So, this is a book I gulped down. Jennifer Fulwiler’s writing voice is so good—if this was fiction, you’d call her a compelling protagonist, one you’re rooting for, and one who makes you want to know what’s going to happen next.
(On that note, may I just say, Wow, I miss Jen’s blog! I was a fan of it over a decade ago, and I’m sure she’s doing wonderful things on her radio show now, and she’s clearly still writing glorious books, but…I miss her blog. It just has to be said.)
So, what is One Beautiful Dream about? It’s about fulfilling a creative vocation while mothering a whole passel of kids. Which totally makes it what you'd call “relevant to my interests.”
In it, Jennifer tells the story of writing her first book, while not just mothering the kids she had, but gestating and giving birth to a few more. It’s about how she learned to stop treating her vocation as a mother as if it were an enemy of her vocation as a writer—as if in order to make room for her writing, her mothering vocation had to be the lion she held back with a whip and a chair.
I really love this bit, which I think sums up a lot of what the book’s about:
There is a tendency with anyone who loves any kind of work to fantasize that if you just had endless time for it, you’d be able to achieve perfection in this field. Yet what I’d discovered is that when you put love first, not only does your life improve, but your work improves…In my case, I faced interruption after interruption in my house full of babies. And, in the process, I finally learned how to write a book.
It is, like all good memoirs, a story that spends time on details that support the theme, and elides past those that don’t. For instance, from my experience as a NICU mom, I’m sure that a whole book could have been written about Jennifer’s experience of having a baby in the NICU, yet she only spends a short span of pages there.

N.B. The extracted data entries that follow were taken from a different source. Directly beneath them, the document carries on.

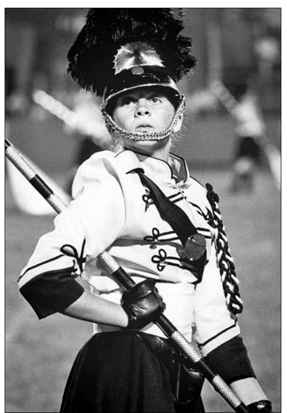
1976: Seneca Optimists (World Open)

Ontario, the tables were turned, again. The Seneca Optimists scored a full five-point victory over their rivals. Strange business, this. So strange, in fact, that the future would see some reaction to this situation. Following in rapid succession were contests in Welland and Kitchener, Ontario, against the same Corps. Then Tonawanda, NY, Kingston, NY, Oswego, NY and Fort Wayne, Indiana. These shows were against other Corps, in neutral territory. Seneca Optimists were
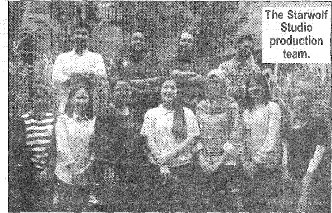
The Starwolf Studio production team.

THIRD YEAR STUDENTS undertaking Bachelor’s in Creative Arts (Writing Major) in University Malaysia Sabah (UMS) produced a short film titled “Nikambalu”.
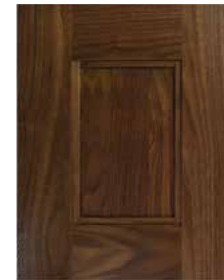
Aylmer 3 3/8 Specie: Black Walnut Color: WAL-Natural Sheen: 20
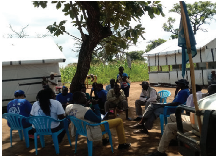
IOM team from Juba and Yei town doing monitoring visit to Bori PoE.

Per result of the assessment, the Geri health facility lacks enough qualified personnel despite having drugs kept at the county administrative block.
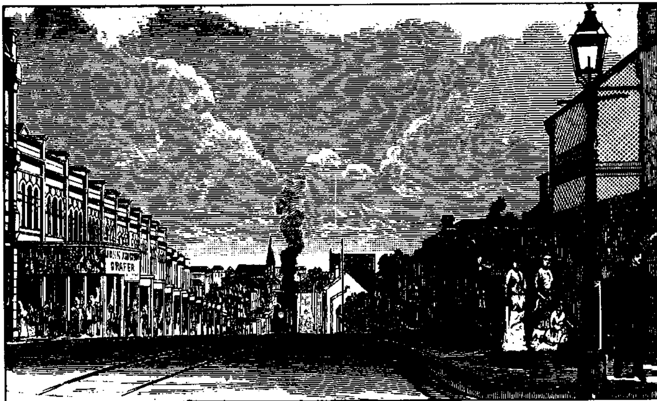
Glebe Point Road viewed from St John's Road. From a newspaper engraving, 1882.

The Department of Housing's new "Glebe Estate Walk" brochure features a picture of the fine group of shops in Glebe Point Road near the Post Office. That picture is reproduced below to show what could be done with the re-introduction of posted awnings. Copies of the brochure are available from the Department of Housing Office at 115 Glebe Point Road.
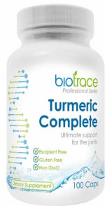
BioTrace Turmeric Complete
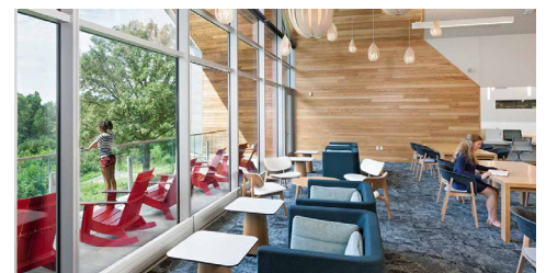
Sustainability and Accessibility

Pictures courtesy of Quinn Evans, the architectural firm for the $22 million Woodlawn Branch renovation and expansion coming in fall 2025 and the brand-new Essex Branch, located at 1517 Old Eastern Avenue.
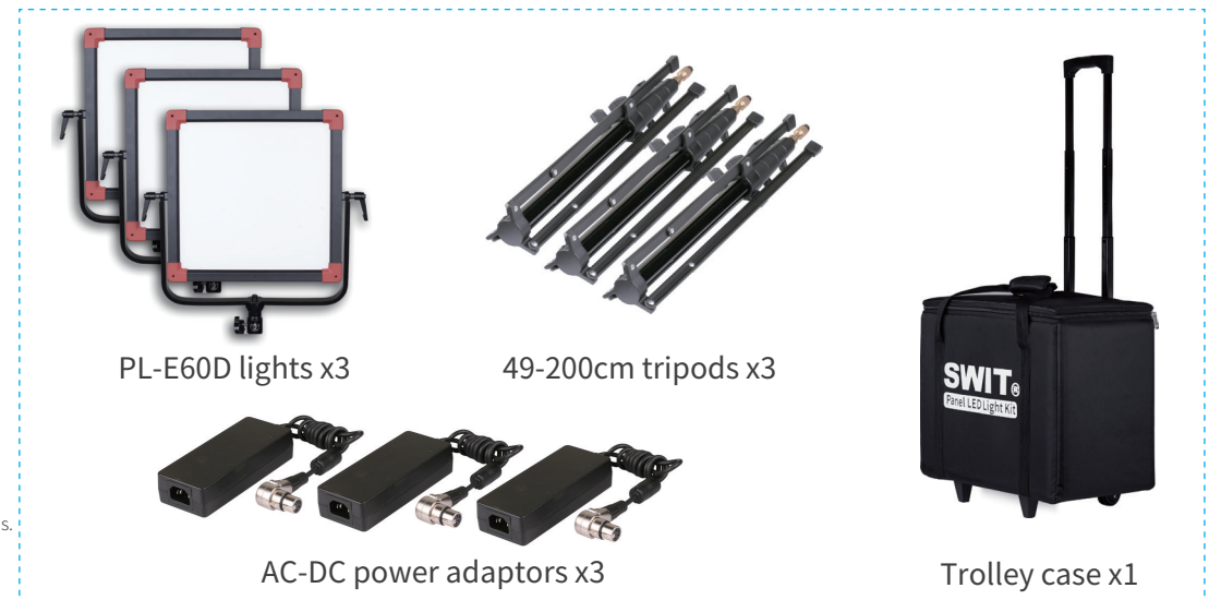
PL-E60D lights x3

And that’s okay, because that’s not what this particular book is about…but little spaces like that make me realize how much I’d like, someday, to read about the bits that happened in the spaces.
If she ever feels like writing those books, that is. Jennifer’s an author I’d trust to decide when and where to tell which stories--no author should feel pressure to write the things she doesn't want to write.
But all I have to say is: at this point, I’m here to read whatever books she feels like writing. I definitely recommend this book.